Letters to the Editor

Emergency supplies

Further scenarios (Mr B. P. Garrood)

Should cost be an issue? (Mrs J. Hamer)

Further scenarios

From Mr B. P. Garrood, MRPharmS

Your article about emergency supplies (PJ, 16 July, p76) describes well the situation in holiday areas. There are two other scenarios that occur frequently.

First there is the patient or family that arrives at the holiday destination having decided not to bring their medicines with them, but instead to bring their monthly prescriptions with up to 15 items to the local pharmacy — at about five o’clock on a Saturday afternoon. Among these items will be one or two which are not used by the holiday pharmacy. This means that the patient will be without these medicines until supplies can be obtained on Monday morning.

The second scenario concerns oxygen. One of the pharmacies where I do locum work is an oxygen supplier. Most oxygen patients are sensible and will telephone in advance to say that they will be requiring oxygen and arrangements can then be made. However, every now and again a patient’s carer will arrive on Saturday afternoon with two or three empty DD cylinders and a prescription for a dozen new ones. Unfortunately the oxygen supplier telephones on Friday afternoon for an order to be delivered on Monday and it is impossible to increase the order on Monday morning. What happens under the new oxygen arrangements?

But, of course, we are all human and two years ago our senior dispensing technician went on holiday to Australia — minus her atenolol tablets.

Brian Garrood
Norwich


Should cost be an issue?

From Mrs J. Hamer, MRPharmS

I read the article on emergency supplies (PJ, 16 July, p76) with interest — particularly the reference to emergency prescription charging. With a professional duty to act in the patient’s best interest, once the decision has been made that an emergency supply is necessary, should cost be an issue?

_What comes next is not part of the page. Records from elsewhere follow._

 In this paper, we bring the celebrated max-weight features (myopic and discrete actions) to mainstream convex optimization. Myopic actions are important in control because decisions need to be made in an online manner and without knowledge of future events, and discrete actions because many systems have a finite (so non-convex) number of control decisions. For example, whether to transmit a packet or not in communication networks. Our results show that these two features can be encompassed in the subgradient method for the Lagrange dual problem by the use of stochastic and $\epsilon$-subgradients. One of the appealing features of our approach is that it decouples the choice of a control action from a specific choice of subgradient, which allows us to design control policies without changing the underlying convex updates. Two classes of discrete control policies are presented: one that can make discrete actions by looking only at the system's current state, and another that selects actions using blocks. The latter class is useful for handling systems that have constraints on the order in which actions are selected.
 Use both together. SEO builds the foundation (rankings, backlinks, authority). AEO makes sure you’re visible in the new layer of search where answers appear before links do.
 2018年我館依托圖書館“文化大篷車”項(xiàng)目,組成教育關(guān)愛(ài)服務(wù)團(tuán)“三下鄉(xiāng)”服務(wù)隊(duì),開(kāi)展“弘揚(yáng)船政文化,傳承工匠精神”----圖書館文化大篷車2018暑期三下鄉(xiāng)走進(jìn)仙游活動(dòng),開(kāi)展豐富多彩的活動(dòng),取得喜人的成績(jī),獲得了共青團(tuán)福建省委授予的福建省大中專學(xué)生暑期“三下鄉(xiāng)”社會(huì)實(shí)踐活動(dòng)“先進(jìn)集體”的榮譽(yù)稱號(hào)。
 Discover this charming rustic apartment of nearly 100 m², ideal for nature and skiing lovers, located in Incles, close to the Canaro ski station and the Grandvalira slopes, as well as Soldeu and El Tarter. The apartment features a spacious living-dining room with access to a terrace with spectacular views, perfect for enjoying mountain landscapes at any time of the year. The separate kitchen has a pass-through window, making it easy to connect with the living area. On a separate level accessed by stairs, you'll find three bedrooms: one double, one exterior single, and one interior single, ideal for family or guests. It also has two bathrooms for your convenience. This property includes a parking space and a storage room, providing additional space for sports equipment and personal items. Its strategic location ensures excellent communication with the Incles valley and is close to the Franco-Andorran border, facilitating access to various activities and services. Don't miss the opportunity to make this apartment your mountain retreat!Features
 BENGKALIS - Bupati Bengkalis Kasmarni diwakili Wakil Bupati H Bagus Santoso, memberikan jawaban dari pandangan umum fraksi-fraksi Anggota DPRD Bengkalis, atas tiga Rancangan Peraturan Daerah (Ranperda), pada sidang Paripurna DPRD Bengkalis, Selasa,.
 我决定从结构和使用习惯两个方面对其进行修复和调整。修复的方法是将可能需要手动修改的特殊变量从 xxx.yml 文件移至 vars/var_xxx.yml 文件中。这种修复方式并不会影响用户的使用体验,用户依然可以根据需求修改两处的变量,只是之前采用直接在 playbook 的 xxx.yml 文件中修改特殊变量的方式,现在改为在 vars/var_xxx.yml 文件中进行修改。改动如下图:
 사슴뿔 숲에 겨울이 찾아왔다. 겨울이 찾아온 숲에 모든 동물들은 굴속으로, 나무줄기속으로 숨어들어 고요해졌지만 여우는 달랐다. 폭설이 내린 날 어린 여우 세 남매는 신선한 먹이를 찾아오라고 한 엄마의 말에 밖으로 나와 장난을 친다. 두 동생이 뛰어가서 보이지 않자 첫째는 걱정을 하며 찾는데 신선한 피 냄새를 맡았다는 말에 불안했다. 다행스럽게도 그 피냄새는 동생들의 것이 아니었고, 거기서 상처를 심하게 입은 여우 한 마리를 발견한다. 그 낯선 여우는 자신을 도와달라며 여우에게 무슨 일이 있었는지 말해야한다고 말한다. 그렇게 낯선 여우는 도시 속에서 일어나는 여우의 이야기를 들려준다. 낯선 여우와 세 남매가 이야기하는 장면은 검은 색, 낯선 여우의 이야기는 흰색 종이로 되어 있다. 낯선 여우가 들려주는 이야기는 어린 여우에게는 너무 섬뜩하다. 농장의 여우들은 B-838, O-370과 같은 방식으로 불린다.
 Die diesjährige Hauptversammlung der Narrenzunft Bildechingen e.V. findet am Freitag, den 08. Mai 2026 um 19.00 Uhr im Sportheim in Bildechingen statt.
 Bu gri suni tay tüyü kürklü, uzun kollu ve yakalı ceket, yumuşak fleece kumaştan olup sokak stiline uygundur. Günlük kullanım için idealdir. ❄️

I refer to the “won’t pay” rather than those requiring expensive or multiple medicines, and people who know you would not welcome the tabloid publicity of the possible consequences of “just doing without”. I was once infuriated by a woman laden with clothes purchases, who refused to pay a nominal sum for some insulin, when she remarked to her companion, “I knew she’d let me have it eventually”.

As an employee of a large multiple, I incur no personal financial loss in these situations, but it is annoying to see the professional aspect of the service not valued — unlike the car mechanic or plumber.